Mostly all K-12 students in the U.S. are currently missing face-to-face instruction due to COVID-19. While many parents and educators are worried about protecting their kids from the virus, they remain somewhat helpless as families in underserved communities suffer from the digital divide.
The shift is harming all involved as teachers scramble to adapt content for online platforms, parents juggle work responsibilities (if not enduring unemployment) with caring for and educating their own children, and students face isolation, anxiety and fears of an uncertain future while grades drastically slip. The Houston Independent School District (HISD) — the state’s largest school system — alarmingly confirmed that 42% of its students failed one or more classes in the first grading period of the fall as students struggled to adjust to online learning forced by the pandemic.
And no matter how much finger-pointing and “fake media” claims President Trump has made, mass media continues to be the up-to-the-minute breaking news superhighway between life, death and politics as we know it.

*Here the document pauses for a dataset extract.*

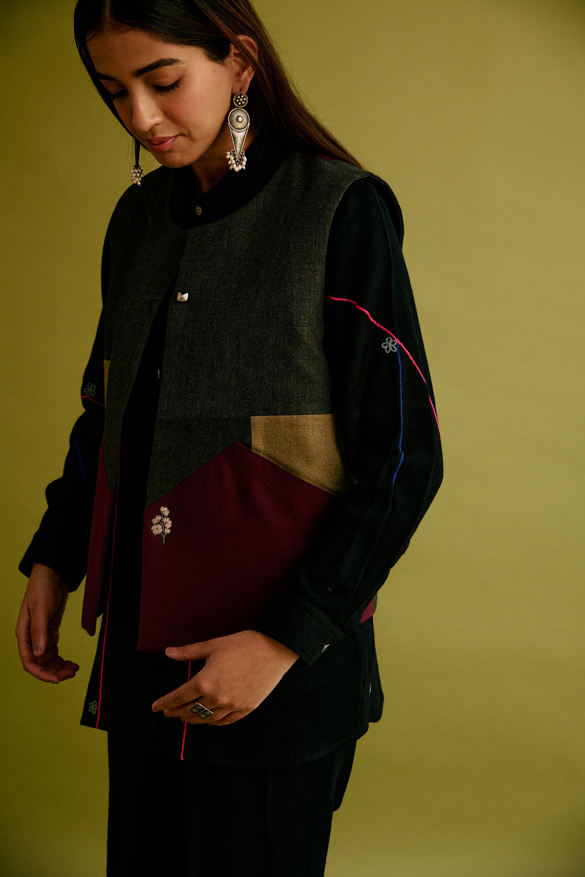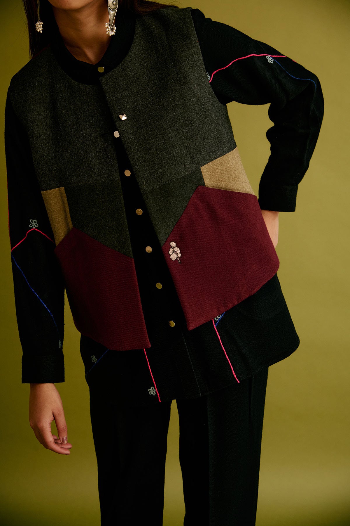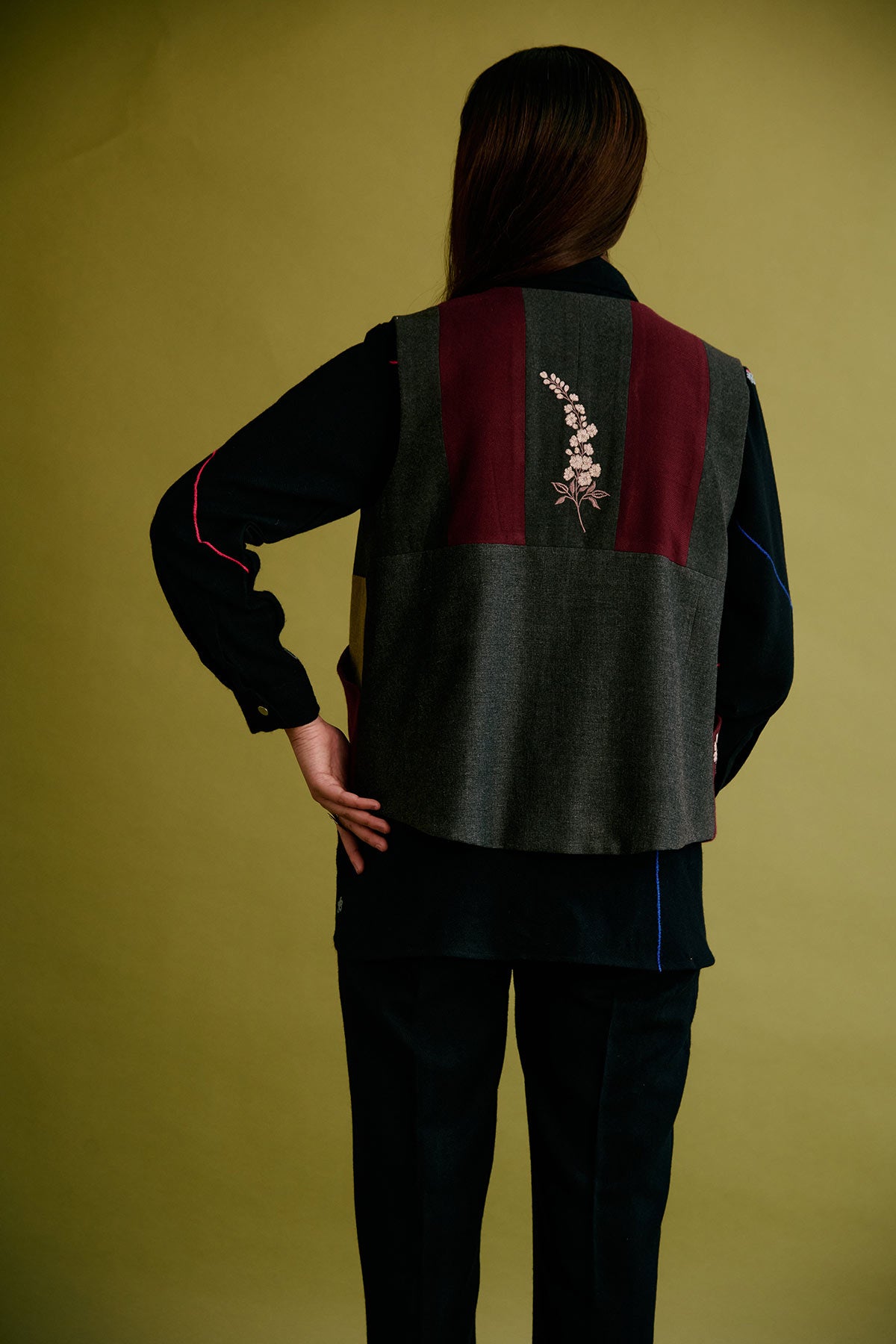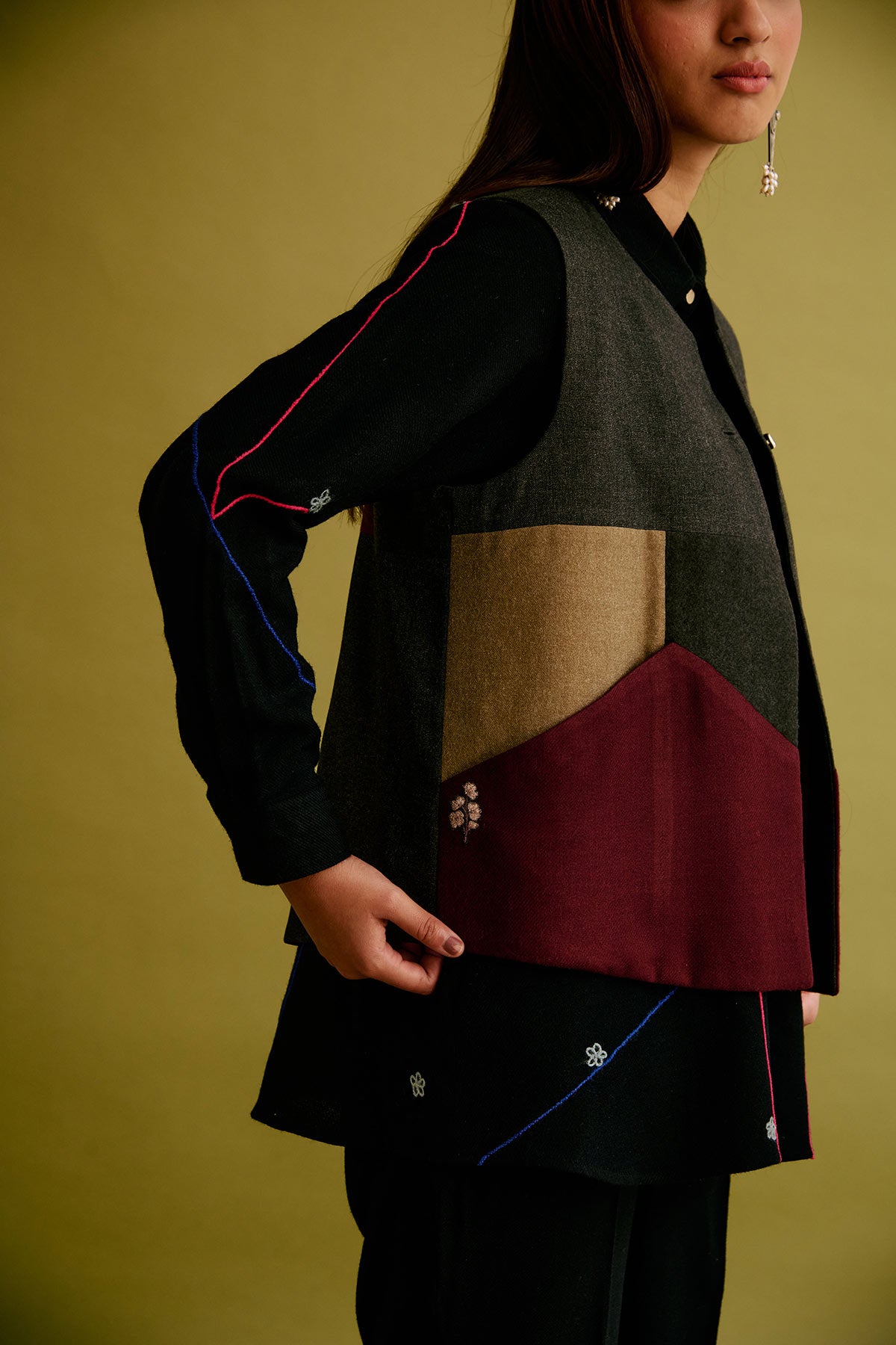 This Limited Edition half jacket is made of upcycled woollen fabrics highlighted with embroidered floral motifs on the front pockets and at the back.

According to Nielsen ratings, 24-hour cable news networks like CNN, MSNBC and Fox News saw their biggest viewership in recent years, and social media remained a dominant force with helping to promote health guidelines, like Houston’s “Mask Up” campaign, in addition to “Souls to the Polls” pushes.
2020 has seen widespread unrest, from social injustice, police brutality and unprecedented death tolls, and a “disturbance of the six elements” remain front and center. One may ask, what caused the shift of the elements this cycle? Could it be a day in November 2016 when a self-absorbed “Celebrity Apprentice” real estate mogul became leader of the free world? Think about it.